Refractive Errors of eye


This occurs when the eye loses the ability to correctly focus the light rays coming from the object onto the plane of the retina[1],[2] In short, the eye doesn’t correctly bend the light.[3] As a result, the error causes blurred vision and needs a refractive correction.[1] Refractive error can affect people of all age, sex, socio-economic status, According to the data estimated by WHO in Global data on visual impairment 2010, 285 million are visually impaired, and 39 million among them were blind. In a research paper according to 2010 data, 80% of patients are at a curable stage. 90% of visually impaired people live in developing countries.[4] Generally, refractive errors cannot be prevented. However, it can easily be cured by corrective eyeglasses, contact lenses, or in some cases, corrective surgery. But eyeglasses are the safest and common way to treat the refractive error. Contact lenses provide a wider range of vision however have a high risk of infection. Refractive surgery is the expensive and permanent method of treatment as it permanently changes the shape of the cornea.

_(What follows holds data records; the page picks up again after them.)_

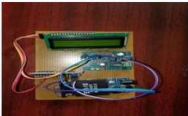
Fig. 3. Smart Trolley Kit

Along with this, there is a 16x2 LCD Display for displaying names and prices of all products along with the amount totalled at hand. The system also contains a Bluetooth module, either HC-05 or HC-06 for wireless communication to a smartphone or a central billing system to make online payments and automatically checkout. The DC barrel jack or battery serves as a power source, while multiple jumper wires connect various components.
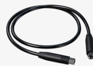
2 filling hoses of 1.2 m length
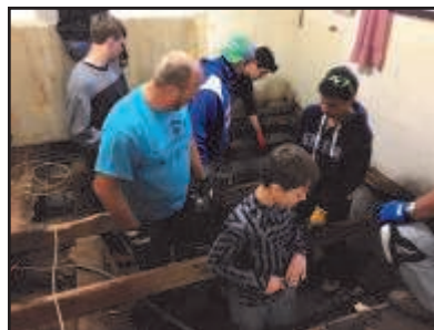
Working on building a new deck, interior painting and more
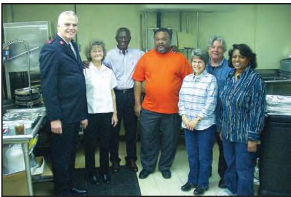
Faith Fellowship, Sayreville at the Salvation Army, Perth Amboy
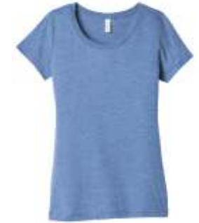
BELLA+CANVAS® Women's Triblend Short Sleeve Tee
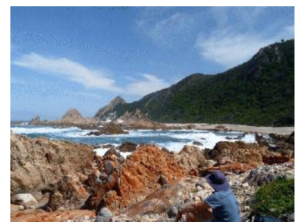
Enjoying the view before the final climb on the Harkerville Trail

It's a long drive from De Hoop to Knysna, our base for this section where we'll do part of the Outeniqua Trail plus the Harkerville Trail, one of the most spectacular coastal trails in South Africa. Walkabouts owner Russell Willis has done the Harkerville four times and would be more than happy to do it again. It's not easy,

Generally, there are four common types of refractive errors, these are as follows: –

  1. Nearsightedness (Myopia), makes far-away objects look blurry
  2. Far-sightedness (Hyperopia), makes nearby objects look blurry
  3. Astigmatism causes far away and nearby objects to look blurry or distorted.
  4. Presbyopia causes middle-aged and older adults’ difficulty in seeing things close by.

Refractive errors




This is a refractive error of the eye, also known as farsightedness or long-sightedness or Hypermetropia. In Hyperopia, the parallel light rays, coming from infinity are focused behind the light-sensitive layer of the retina.

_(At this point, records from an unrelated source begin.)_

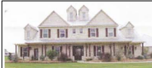
20603 Flagstone Trail - 6/4.5/3 D - Saddle Ridge Estates - $1,095,000
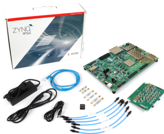
Part Number: EK-U1-ZCU111-G

The platform includes an evaluation board, cables, filters, documentation, verified reference design, and includes the XM500 RFMC balun transformer add-on card to support loopback evaluation and signal analysis.
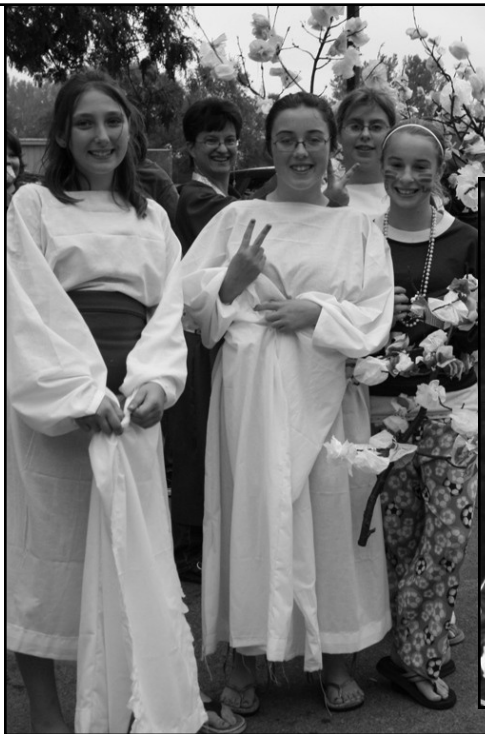
It's a peaceful greeting from these Seventh Grade students representing Tokyo, Japan

As always, many thanks to the PTO for sponsoring the children's games after the parade and to the Legion for providing free hot dogs to the HCS community.
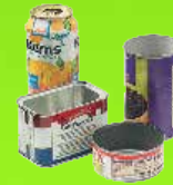
Aluminum, Tin, Steel Cans

In Hyperopia the cornea becomes flattened or the axial length of the eye becomes shorter than the normal eye. This is the reason why the image doesn’t focus on the retina. In other words, the Axial Length (AL) shows a stronger correlation than corneal power and lens power, with the refractive error of the eye. The magnitude of hyperopia is described as the additional dioptric power of the converging lenses required to advance the focusing of light rays onto the retinal plane, while accommodation is relaxed.[5]

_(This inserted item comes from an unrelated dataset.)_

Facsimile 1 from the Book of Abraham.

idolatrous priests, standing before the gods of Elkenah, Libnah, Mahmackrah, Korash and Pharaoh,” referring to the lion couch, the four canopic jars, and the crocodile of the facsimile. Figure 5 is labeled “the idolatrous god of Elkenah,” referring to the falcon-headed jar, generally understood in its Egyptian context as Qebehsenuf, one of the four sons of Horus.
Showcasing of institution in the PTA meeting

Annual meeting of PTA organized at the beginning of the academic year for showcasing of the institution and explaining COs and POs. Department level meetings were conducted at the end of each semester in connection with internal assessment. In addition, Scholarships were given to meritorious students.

The hyperopia is categorized by the structure or function of eyes, into three types: –

  1. Simple Hyperopia: It occurs due to the decreased ability of the cornea or the lens to diverge the light or due to reduction in axial length. The flattened cornea or decreased curvature results in decrease in converging power of cornea or lens.
  2. Pathological Hyperopia: It is caused due to unusual development, trauma, or any disease related to the eyes. It may be of:
    1. Senile or acquired hyperopia: It occurs in old age due to
      1. Curvature Hyperopia: In old age, the curvature of the outer fiber of    the lens decreases.
      2. Index Hyperopia: At a young age, there is a difference between refractive indices of the cortex and the central part (nucleus) of the lens. With age, the difference of refractive index diminishes thus cause reduced converging power.
    2. Positional hypermetropia: It is the result of the posterior subluxation of the eye lens.
    3. Aphakic Hypermetropia: It occurs due to the dislocation of lens from the pupillary position in the eye. It may be an inborn or acquired condition (surgery, etc.)
    4. Consecutive Hypermetropia: It is due to surgically overcorrected myopia with under correction.
  1. Functional Hyperopia: It happens due to the paralysis of accommodation. It generally occurs by birth.[6]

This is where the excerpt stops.